Written by Kevin Buckland
TOKYO (Reuters) – The dollar narrowed on Monday, weighed down by lower U.S. Treasury yields, as traders awaited more important economic data for new clues on when the Federal Reserve will cut interest rates. It remained within a range.
Bitcoin has soared to its highest level in more than two years on the back of large inflows into crypto exchange-traded funds (ETFs).
The euro firmed following Friday’s 0.33% gain as the European Central Bank’s policy decision looms on Thursday.
As investors tried to determine whether the Bank of Japan’s negative interest rate policy would be lifted by the end of this month, the yen was closely watched, with the yen hovering around the 150 yen level.
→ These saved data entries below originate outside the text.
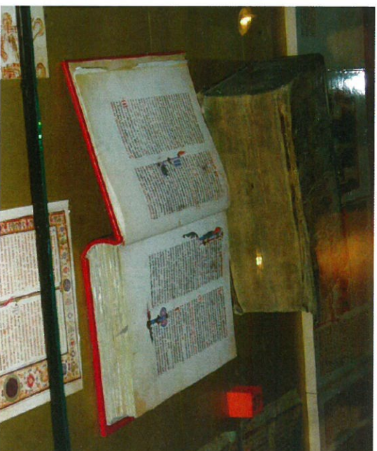
Hrvoslov misal je glagoljski iluminirani rukopis pisan za velikog vojvodu Hrvolja Vukčića Hrvatinića između 1403. i 1404. godine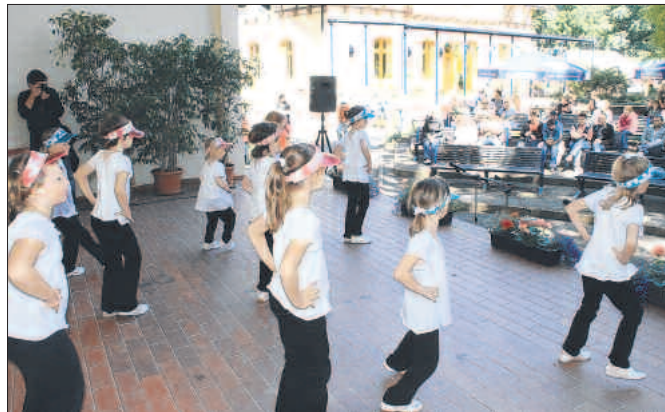
Bei schnellen Rhythmen war Mitklatschen angesagt.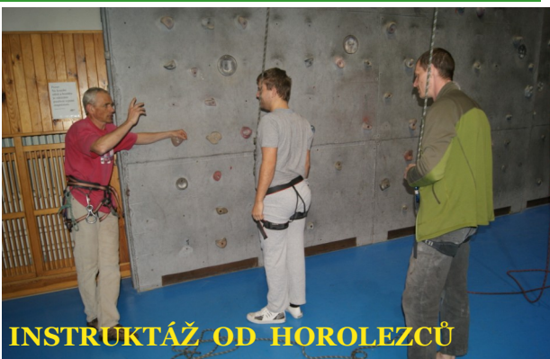
INSTRUKTÁŽ OD HOROLEZCŮ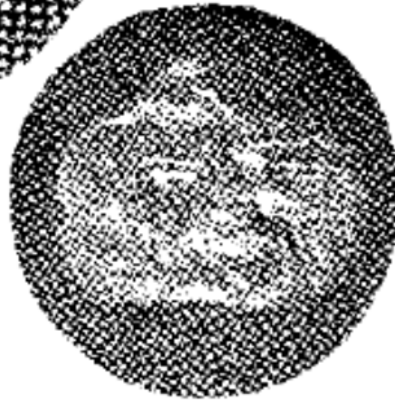
意京羅馬萬國博 覽會對於本書之 原著所獎之金牌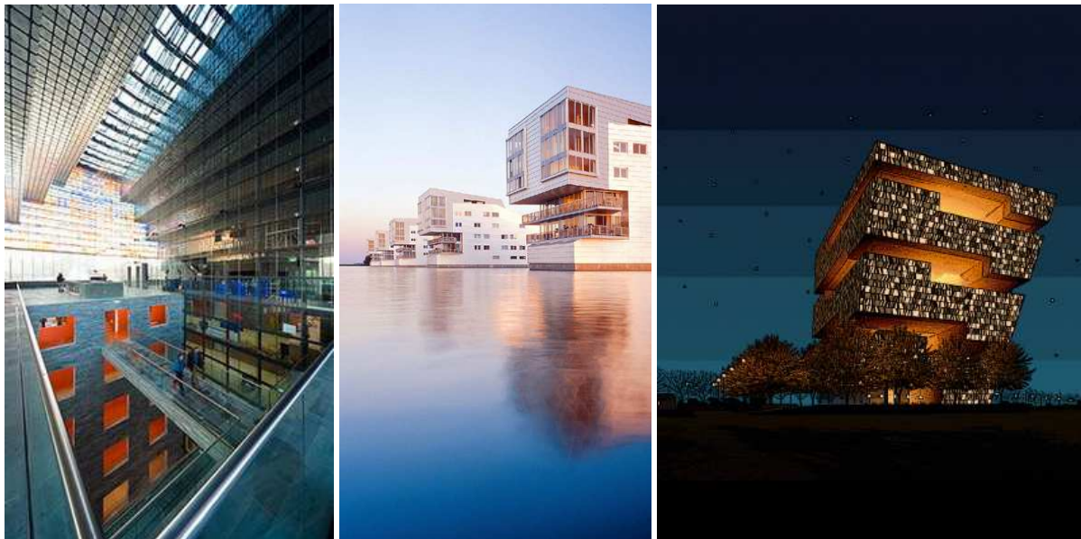
werken van Neutelings Riedijk: v.l.n.r. Mediacentrum in Hilversum, Sphinxen in Huizen en de bibliotheek in Praag

Blijft de vraag of het STC een icoon is of niet? In de zoektocht naar de definitie naar de iconische status van dit ontwerp, zijn er veel gelijkenissen te zien met Charles Jencks' enigmatic signifier . Het is een gebouw met een sterke evocatieve kracht, zonder dat de symbolische strekking onmiddellijk duidelijk wordt. Pas na een tijd in en rond het gebouw te verblijven, wordt de omstander gewaar van de symboliek die het gebouw in zich heeft. Uiteindelijk zal de ware iconische waarde van dit gebouw, en dat geldt ook voor architectuur in het algemeen, gedefinieerd worden door de mate waarmee het publiek het gebouw in de armen zal sluiten als toonbeeld voor de Rotterdamse haven.

The dollar index, which measures the dollar against six major currencies including the euro and yen, was little changed at 103.85 as of 0530 GMT, moving in a narrow range at the bottom half of last month’s range of 103.43-104.97.
The index fell 0.26% on Friday after some weaker data on manufacturing and construction spending.
This also weighed on U.S. Treasury yields, removing further support for the dollar and sending the benchmark 10-year Treasury yield down to 4.178% for the first time in two weeks. The yield was about 4.2% as of Monday.
“The bias appears to be toward testing range support” ahead of this week’s major macro policy announcements and Federal Reserve Chairman Jerome Powell’s testimony to Congress, Westpac strategists said in a note to clients.
The note said that to keep the dollar index within its current range, “the market would need a significant change in the data for range support to suggest anything other than a new buying opportunity.” Probably.”
This week, the ISM statistics for manufacturing and services will be released on Tuesday, followed by the main event: monthly payroll statistics on Friday.
Meanwhile, traders appreciated Bank of Japan Governor Kazuo Ueda’s cautious comments late last week that it was too early to conclude that the Bank of Japan’s inflation target was close to being achieved, with the dollar trading 0.1%. The price rose to 150.28 yen.
This was in contrast to the hawkish remarks of Bank of Japan board member Hajime Takada earlier in the day, which caused the yen to soar to 149.21 yen to the dollar, its highest level in more than two weeks.
Markets are considering whether the Bank of Japan will end its negative interest rate policy at its March 18-19 meeting or wait until April or later.
Policymakers have repeatedly stressed the need for continued wage increases, and the outcome of crucial spring pay negotiations for Japan’s biggest companies will be known on March 13.
“The March meeting will be broadcast live,” said Shoki Omori, chief Japan desk strategist at Mizuho Securities.
Regarding the timing of an exit from stimulus, he said: “I’m not saying it’s likely (to raise interest rates), but the Bank of Japan is now more flexible.”
“The Spring East results are likely to be positive, and if the U.S. data is strong, it would be a very good time to move forward.”
Elsewhere, the euro was little changed at $1.08435, near the top of its recent range.
Most economists expect the ECB to first cut interest rates at its June meeting, but will be hoping for further clues about the timing at a press conference from central bank governor Christine Lagarde.
The pound rose 0.08% to $1.2663.
Bitcoin was trading at $63,350, up about 1.2% from Sunday, before hitting $64,284.75, its highest since November 2021, when it hit a record high of $68,999.99. It was the same month that I added it.
The largest cryptocurrency by market capitalization is up 50% this year, with much of that gain coming in the past few weeks as trading volumes for U.S.-listed Bitcoin funds surged following approval earlier this year. It is.
“If you look at the Bitcoin futures chart, you can see that the market is tired, with no appetite for reaching $69,000 at this point,” said Matt Simpson, senior market analyst at City Index.
“I’m not saying this is a market to short, but I would be wary of going long at this high.”